In the last twelve hours, I have become significantly more pregnant. It began while we were watching TV last night–we have a whole new world of options because a friend gave us her Hulu log in–and it’s funny because I’ve barely watched any of the shows that I hear talked about and now they’re all at my fingertips. I haven’t meant not to watch. Often it’s been a matter of limited resources. Of money for one, not wanting to pay, but mostly of time. These last two years, I’ve been so tired when I get home from work I’ve had about three hours of wakefulness and of the potential evening activities–eating dinner, talking to B., having sex with B., watching TV, showering–something had to go.

But also true is that nothing holds my attention. Again, I don’t want this to be true, but these shows, especially all these critically acclaimed giants, seem like the same plot with different costumes. And that plot always manages to center on a flawed, but charismatic, white man engaging with his inner uber-traditional masculine (and capitalist) self against a back drop of sacrificing, or naked, or murdered female bodies. The only series I’ve watched to completion in the last five years was Battlestar Galactica. Do you know that David Byrne and St. Vincent song? The first verse goes like this:

I used to think that I should watch TV
I used to think that it was good for me
Wanted to know what folks were thinking
To understand the land I live in
And I would lose myself, and it would set me free

That’s me, only present tense. I still think I should be watching TV. I do think it will set me free. I do want to know what folks are thinking. So I keep trying.

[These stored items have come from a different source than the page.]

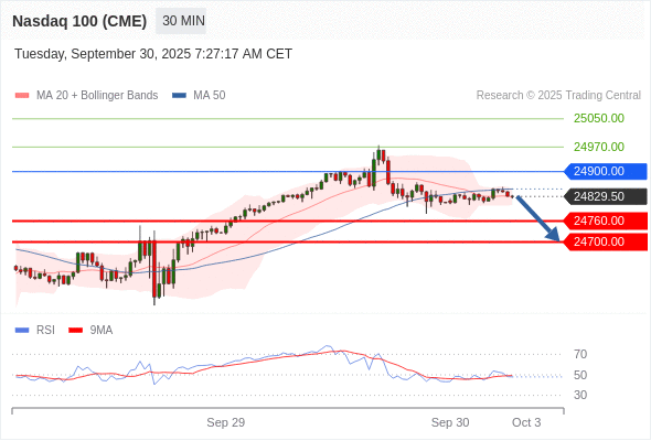 在 24900.00 之下,看跌,目标价位为 24760.00 ,然后为 24700.00 。
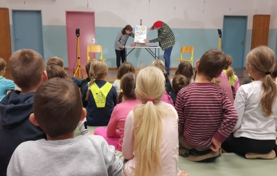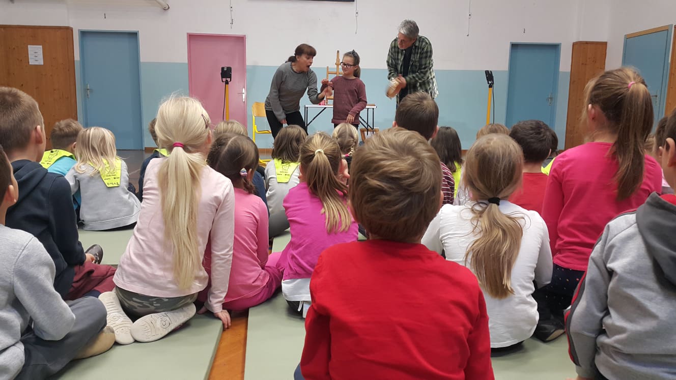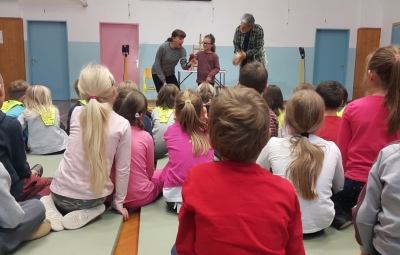 Prvi, drugi in tretji razredi pa smo si v četrtek ogledali lutkovno predstavo z naslovom: Zgodba za gumbe. V njej smo mimogrede spoznali slikarja, ki je narisal sonce, oblak, dečka in zmaja. Iz vsega je nastala zanimiva zgodba, ki se je končala nekje na nebu.
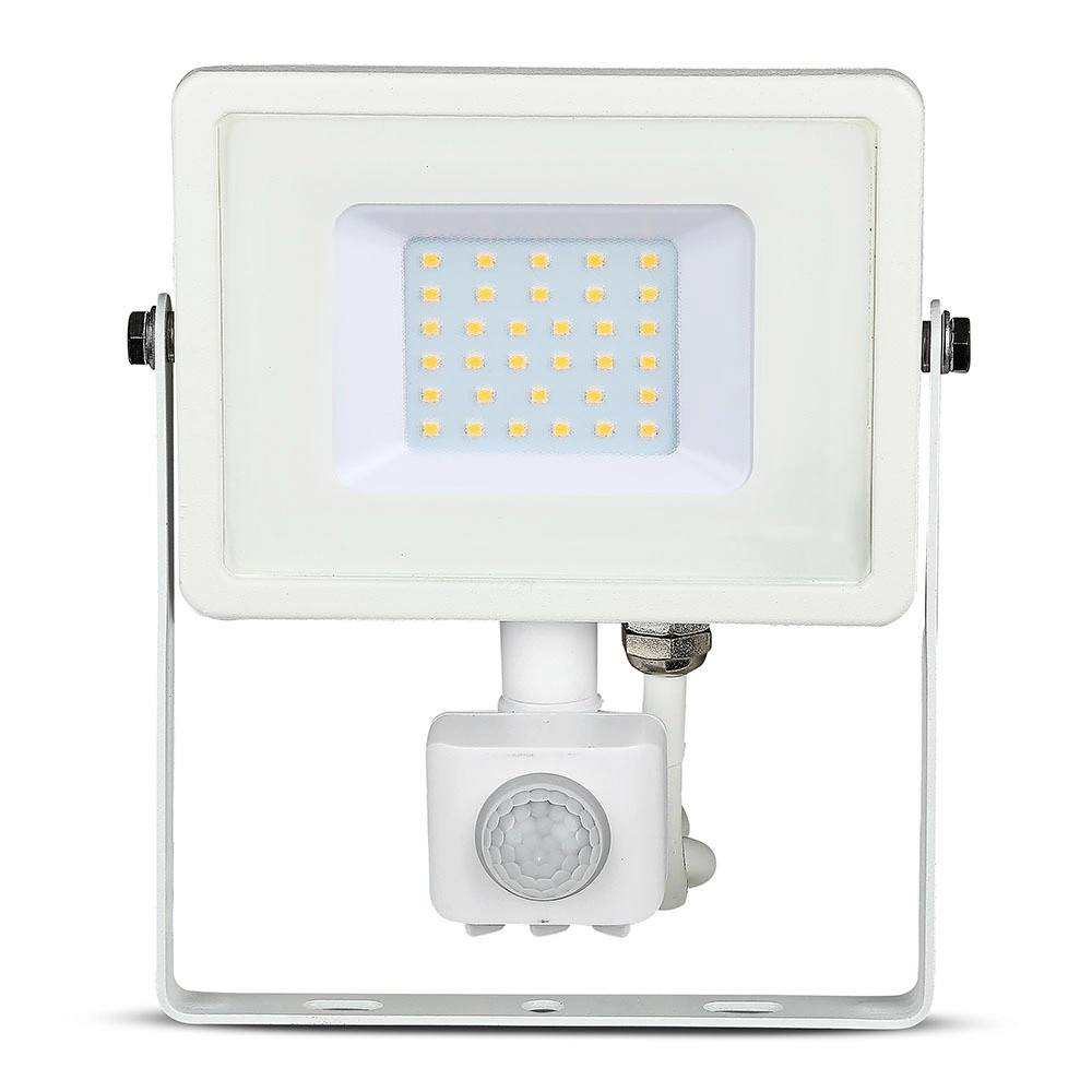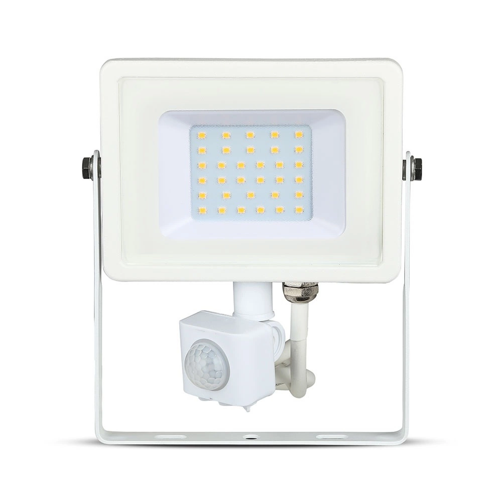 LED Fluter 30W 2400lm 3000K IP65 Weiß mit Bewegungssensor und CUT-OFF-Funktion Samsung Chip VT-30-SW V-TAC
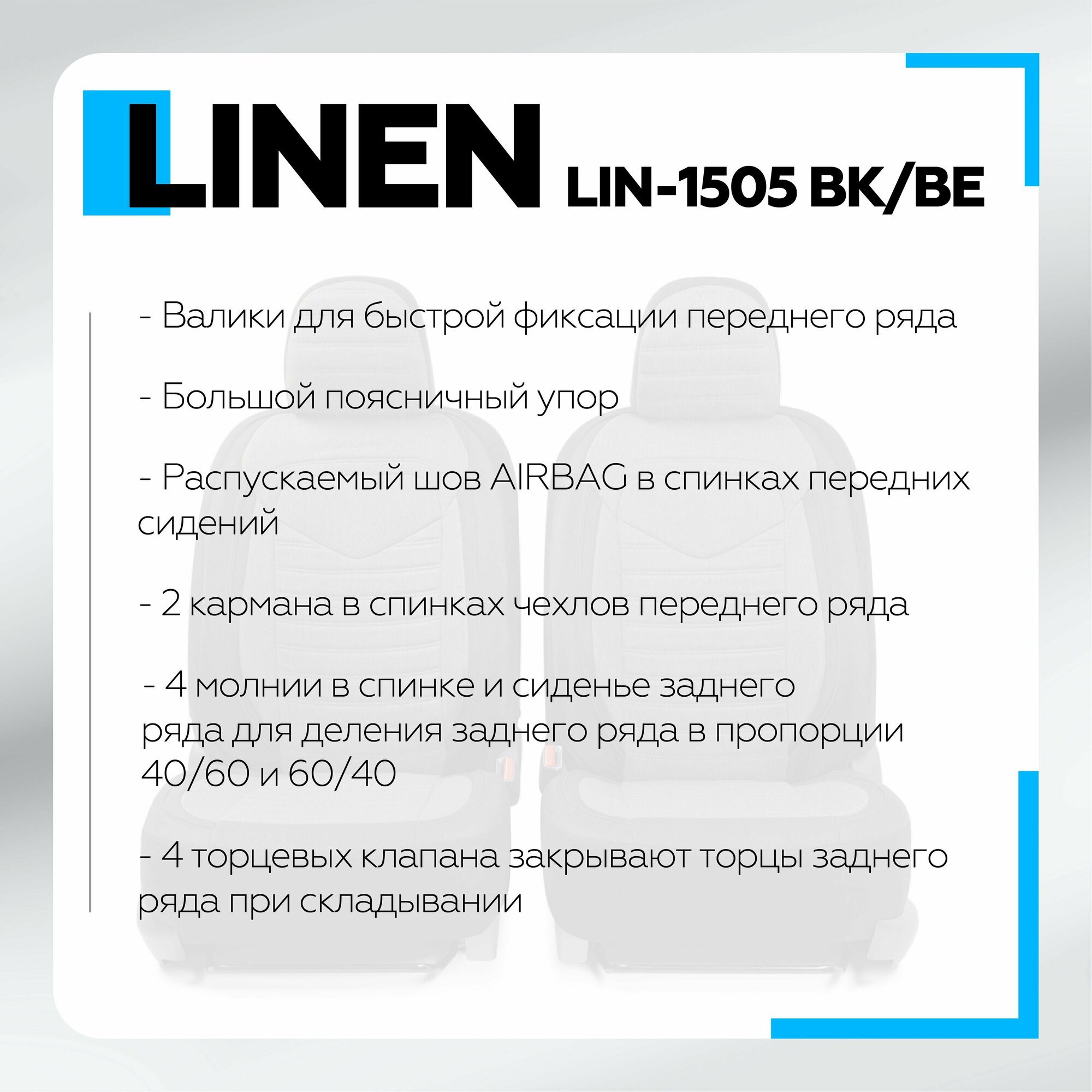 Lin-1505 Bk/L.gy Авточехлы Linen, Материал Лён Крупного Плетения, 5 Мм Поролон, Новое Лекало - 3D Крой, 15 Предметов, Валики ...
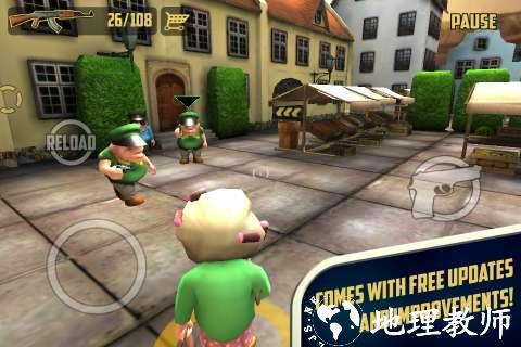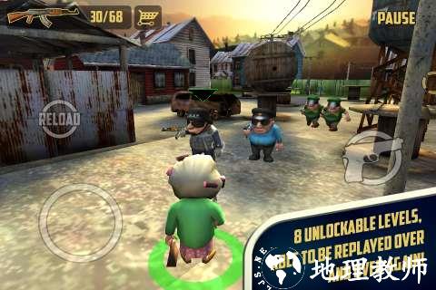 跟随正走出监狱的黑帮老太。帮助她击败任何敢于尝试阻止她抢劫城里较大间银行的人!!!

Anyway, last night, by the end of the first episode of the first season of Scandal (is anyone else annoyed that the kryptonite for this badass woman’s spidey sense is a man who is sleeping with at least two other women?) my belly had become half a planet. All day I’d been like a kangaroo, hopping around with my babe tucked neatly inside of me, and then suddenly, they’re kissing on the edge of the oval office and I’m an overturned turtle.

This morning it was worse. My leggings were too tight, and my long underwear had a tag designed to annoy the shit out of me, and my tunic shirt made me look the hippie mom character in a sitcom whose quirky politics are represented by her brightly, patterned leggings. Which mine are.

I handled all this by changing into a different pair of leggings; the ones I would wear every day if I thought no one would notice. As it is, I do wear them for days in a row if I know the only who’s going to see me on each of those days is B.. And even to him, I said, “You know I’m wearing tights under these so they don’t get totally dirty.” Not that that’s even all the way true. He, of course, just shrugged. “Whatever baby.”

The problem being that I look so very pregnant in everything I put on.

Last night it stopped making sense that I was pregnant. In my brain, I was just me, the same familiar me, same types of thoughts, same personality, but I couldn’t connect to the body below. My back was tingling and the skin of my belly taut, and when I tried to sit up from my sunken couch, I needed to push first and then roll, and it was awkward and weird and foreign. My body very much not my own

Movies I will not be watching: Rosemary’s Baby, Invasion of the Body Snatchers, Alien.

I would like to say that my body and brain have been reunited with my outfit change into my favorite leggings, but so far, I’m still itchy and fidgety and discontent. And irritable. Also, restless. Probably one of those days where it’s a good thing that I work with a gaggle of energetic teens because in a very short while I won’t have the time or mental space to pay attention to myself.

I would like there to a right shirt to fix it, a right breakfast, maybe if I go get a muffin, maybe if I wear hoops. I don’t know.

And as a final complaint, the fruit and vegetable sizing system has completely broken down. This week the babe is said to be a mango, but last week it was supposed to be a spaghetti squash, and spaghetti squash are bigger than mangoes. And also, two weeks ago, it was a banana. Because of the length. Not the girth. No comment.

For now, it’s time for me to get this body of mine in motion; to bundle it up, take it work, and see if over the course of the day we can make up.